I am working on a bottom up approach to image segmentation where in I first over-segment the image into small-regions/super-pixels/super-voxels and then I want to iteratively merge adjoining over-segmented regions based on some criterion. One criterion I have been playing with is to measure how similar in appearance are the two regions. To quantify appearance of a region, I use several measures -- intensity statistics, texture features etc. I lump all the features I compute for a region into a long feature vector.

Question:

Given two adjacent over-segmented regions R1 and R2, let F1 and F2 be the corresponding feature vectors. My questions are the following:

-- What are good metrics to quantify the similarity between F1 and F2?

-- How best to normalize F1 and F2 before quantifying their similarity with a metric? (using any supervised approach to normalization is not feasible because i dont want my algorithm to be tied to one set of images)

Solution in my mind:

Similarity(R1, R2) = dot_product(F1 / norm(F1), F2 / norm(F2))

In words, I first normalize F1 and F2 to be unit vectors and then use the dot product between the two vectors as a similarity measure.

I wonder if there are better ways to normalize them and compare them with a metric. I would be glad if the community can point me to some references and write out reasons why something else is better than the similarity measure I am using.

Answer 1

State of the art image segmentation algorithms use Conditional Random Fields over Superpixels (IMO SLIC algorithm is the best option). This type of algorithms capture the relationship between adjacent superpixels at the same time they classify each superpixel (normally using SSVM).

For superpixel classifying you will normally collect a bag of features for each of them, such as SIFT descriptors, histograms, or whatever feature you think it might help.

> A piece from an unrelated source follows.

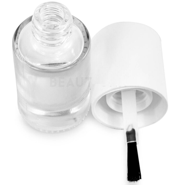 Tuščias stiklinis buteliukas su integruotu teptuku – puikiai tinka nagų lakui, odelių aliejui ar kitoms skystoms kosmetikos priemonėms laikyti ir patogiai tepti.

There are many papers that describe this process, here you have some of them which I find interesting:

• Associative Hierarchical CRFs for Object Class Image Segmentation
• Class Segmentation and Object Localization with Superpixel Neighborhoods
• Figure-ground segmentation using a hierarchical conditional random fields

However, there are not many libraries or software for dealing with CRF. The best you can find out there is this blog entry.